Newer is not better for the job
The reflex when a new frontier model ships is to make it the default immediately. It’s the best one now, so it should run everything. That reflex is the same mistake in a new outfit — letting the most powerful, most expensive option become your floor because deciding is work.
overkill pins specific, tested model versions rather than floating to “whatever’s newest.” A release never silently takes over a tier. Every upgrade is a deliberate decision, and there’s a ritual for it:
Read what the model is actually good at — the announcement, the model card, the stated strengths and the real price and latency, not the vibes. Map those strengths to the jobs you actually have: stronger reasoning is a candidate for the hard-tail tier; cheaper-but-still-capable might shift the default; a better cheap model upgrades the mechanical tier. Then decide the shape, not just the version number — sometimes a model is good enough to collapse two tiers into one, and sometimes the honest answer is to hold because the gain doesn’t clear the cost of switching and re-testing. Run a few real tasks at each tier before you commit. Then log the decision and why.

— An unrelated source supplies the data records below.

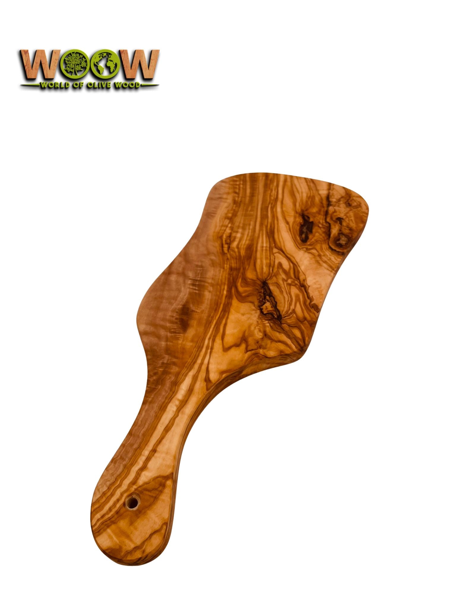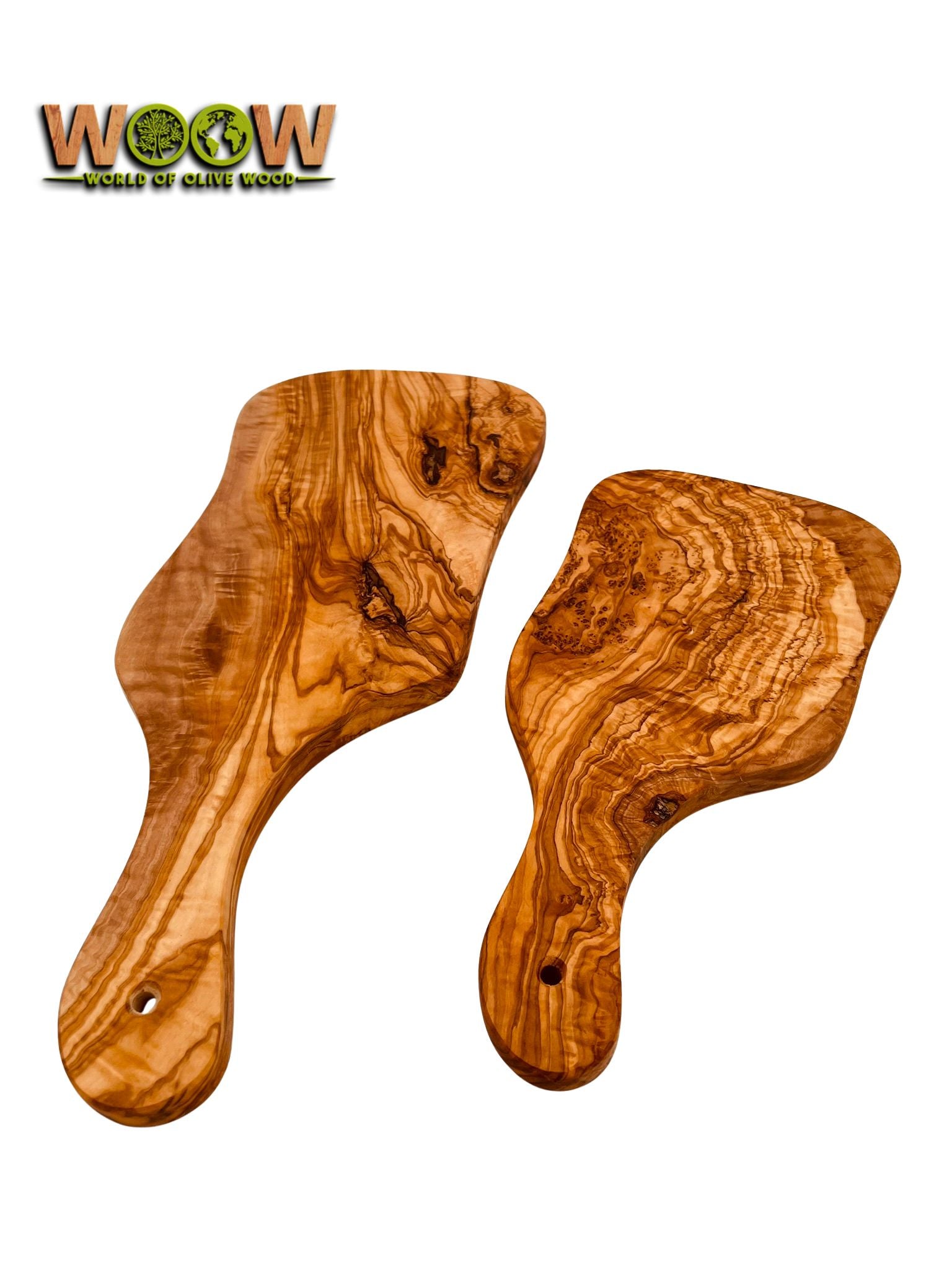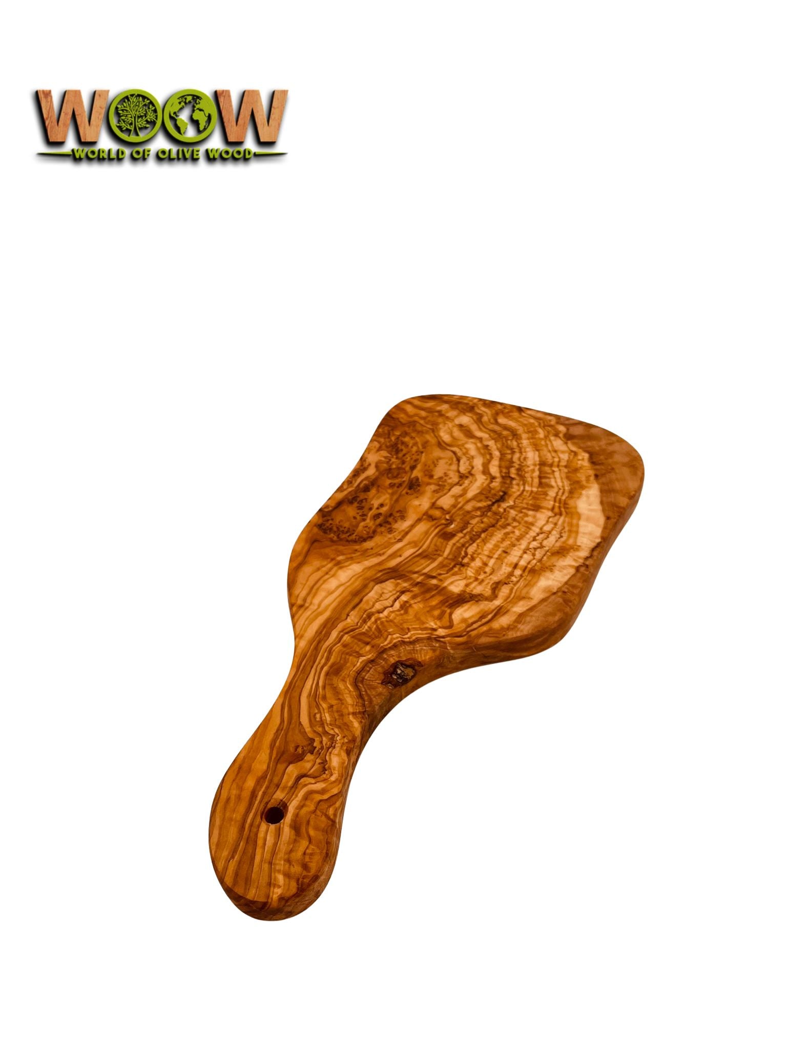 Dieses handgefertigte Schneide- und Servierbrett aus Olivenholz vereint natürliche Schönheit mit maximaler Funktionalität. Der praktische Griff sorgt für sicheren Halt und macht das Brett ideal zum Schneiden, Servieren oder stilvollen Anrichten von Käse, Brot, Wurst und Snacks.
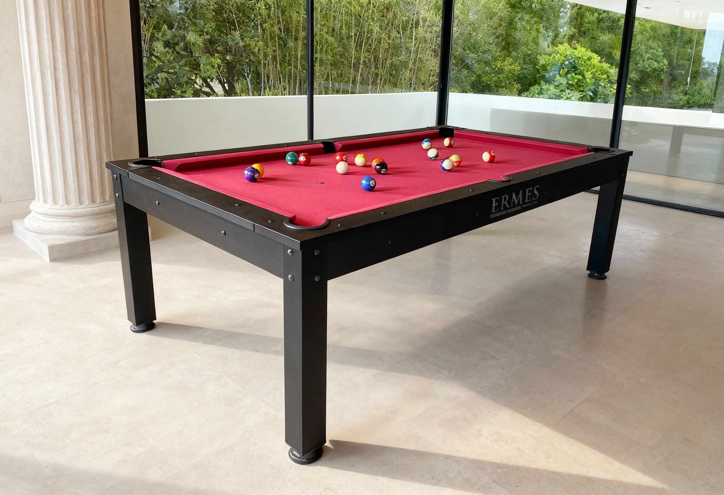 Dolgoletna tradicija kakovostne evropske izdelave zagotavlja robustnost, natančnost in eleganten videz biljard mize Ermes, primerne tako za komercialno kot za domačo uporabo.
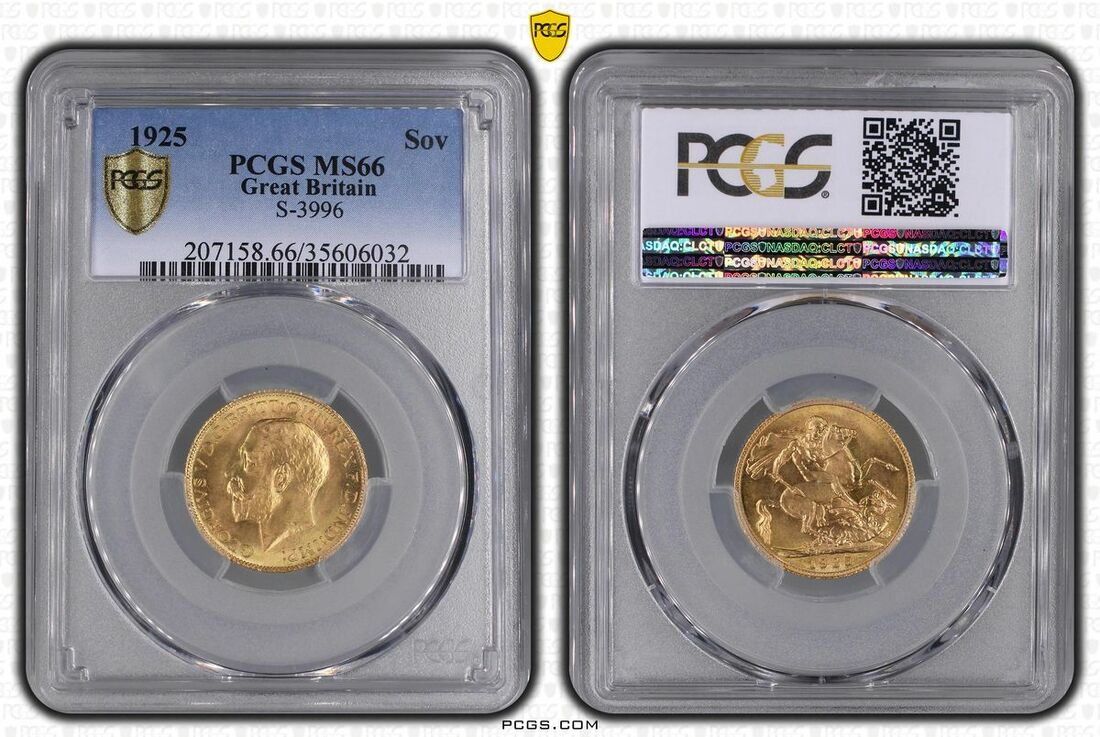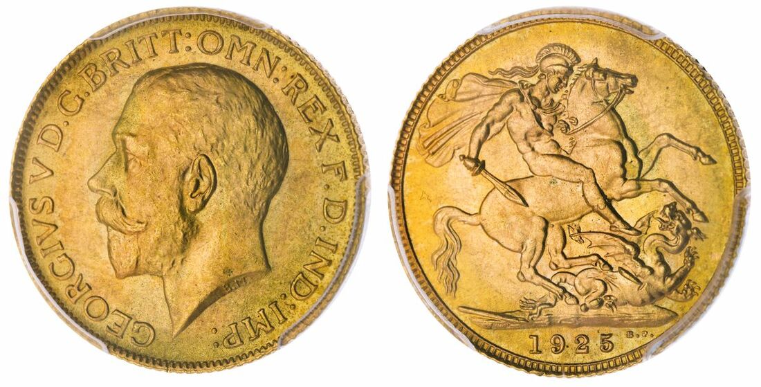 (g) PCGS MS66 | George V (1910-1936), Sovereign, 1925, bare head left, rev. St George and dragon, milled edge, 11h (Marsh 220; EMC 1441; Bentley 364; Spink 3996), choice uncirculated, in PCGS holder, graded MS66 (Cert. #35606032)

The most uncomfortable line in that ritual: a better default can make a tier — or the whole router — unnecessary. If a stronger everyday model means you stop reaching for the frontier tier, that’s not a failure of the system. That’s the system telling you the truth. The scaffolding is a liability the moment the model outgrows it, and you want to be the kind of operator who notices.
The actual takeaway
Your AI spend is not a single switch. It’s a portfolio of model-to-task decisions, and the default-to-the-best-one posture quietly makes every one of those decisions for you, badly. The win here isn’t a cheaper model. It’s the discipline of matching capability to task — and re-earning that match every time the lineup changes, instead of inheriting whatever’s newest and most expensive as your standing default.
The tool is a hundred lines of config. The posture is the point.
overkill is MIT-licensed and on GitHub. Clone it, run the installer, start a session. Or just steal the idea: stop paying your smartest, most expensive resource to do your dumbest work.